This post will build on my previous post Distributed Joins, The Basics. So we will extend the example from a customer table and an orders table, to a customer table , orders table, and order_items table. Logically the customer skey is the primary key in customer and foreign key in orders, and order key is the primary key in orders and the foreign key in order items. We will assume all of these tables are too big to broadcast.
To execute a distributed join first customer and orders need to be distributed on customer key. Either they are both already distributed that way or one or both are redistributed. That custord result set and order_items need to be distributed on order key. Since custord is currently sitting with a customer key distribution from the first join, it HAS TO redistribute to be distributed on order key, and order_items either redistributes to order key, or is already physically distributed that way.
Looking at this model it seems impossible to avoid at least some on the fly redistribution of data, and possibly several redistributions. But there is a simple way to avoid this. Even though it is not logically needed, carry the customer key redundantly through to the order_items table. Then we could distribute all three tables on customer key and each snippet processor has a set of customers, all their orders, and all their order_items together on it’s dedicated disk.
But there is a catch , join customer to orders on customer key, and then orders to order_items on order key and it will redistribute on order key in the second step anyway because it doesn’t know that the order items belong to the customer and are already local to the snippet processor. The solution is simple. Join customer to orders on customer key, and then orders to order_items on order key (needed for the relation) AND customer key (needed for distribution). What the optimizer will do is figure out that I already have everything together by customer key, and that key alone spreads things out well, so I don’t need to move things around. It will then do the join between customer and orders, and nicely right in the same snippet with the same distribution do the join between the custord result set to order_items. It’s critical to take advantage of the distribution to always include the customer key in the join even when just joining orders to order_items .
Even if the distribution is not on this carried through key, having it in the model and using it in joins reduces the number of redistributions.
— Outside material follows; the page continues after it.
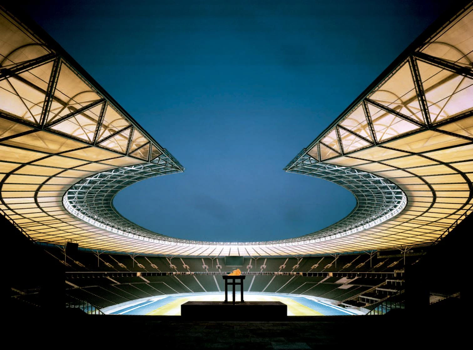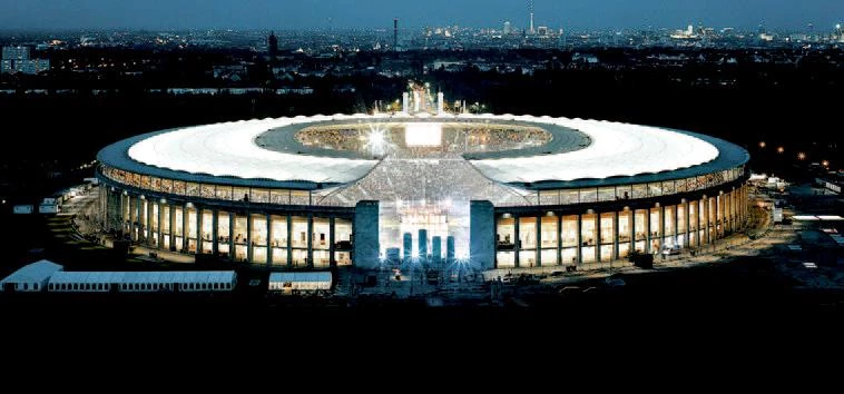 The stone peristyle of Berlin, for its part, barely altered by the new canopy, would seem to express the classicist sensibility of old Germany. But its subjection to the rhetorical monumentality of Hitler’s architecture, sacrificing functionality to the ceremonial axis that fractures the grandstands and the roof, makes its historicist traditionalism an anti-classical statement, one which otherwise refrains from questioning the theatrical urbanism of the Nazi period. This is perhaps the most contemporary attitude in a country that has replaced the embarrassment of guilt with a distracted acceptance, and which after the fall of the Berlin wall has occupied old Nazi buildings – from the headquarters of the Luftwaffe, now turned into the Finance Ministry, or the old Reichsbank, now housing Foreign Affairs –without the scruples or feelings of reticence that formerly plagued Germans when faced with the phantoms of their past. Only by considering this can we understand the naturalness with which they have remodeled the venue of the 1936 Olympics, the very place where Leni Riefenstahl filmed Olympia – the propaganda documentary that best presented Nazi ideals and aesthetics – and where Albert Speer put up the same cathedrals of light that had graced the Nuremberg party congress of 1934.

Let’s say everything is distributed on random. When we don’t have the key carried through, it will redistribute both customer and order on customer key, and then redistribute that custord result set on order key and also redistribute order_items by order key. So that’s 3 tables and one result set redistributed. If we carry the key, it will distribute all 3 on customer and then join them in one snippet. You avoid the redistribution of the result set which makes it faster.
Carrying keys through your model, using them for common distribution, and making sure to alway include those distribution keys in your joins can greatly improve performance by achieving good colocation through several joins.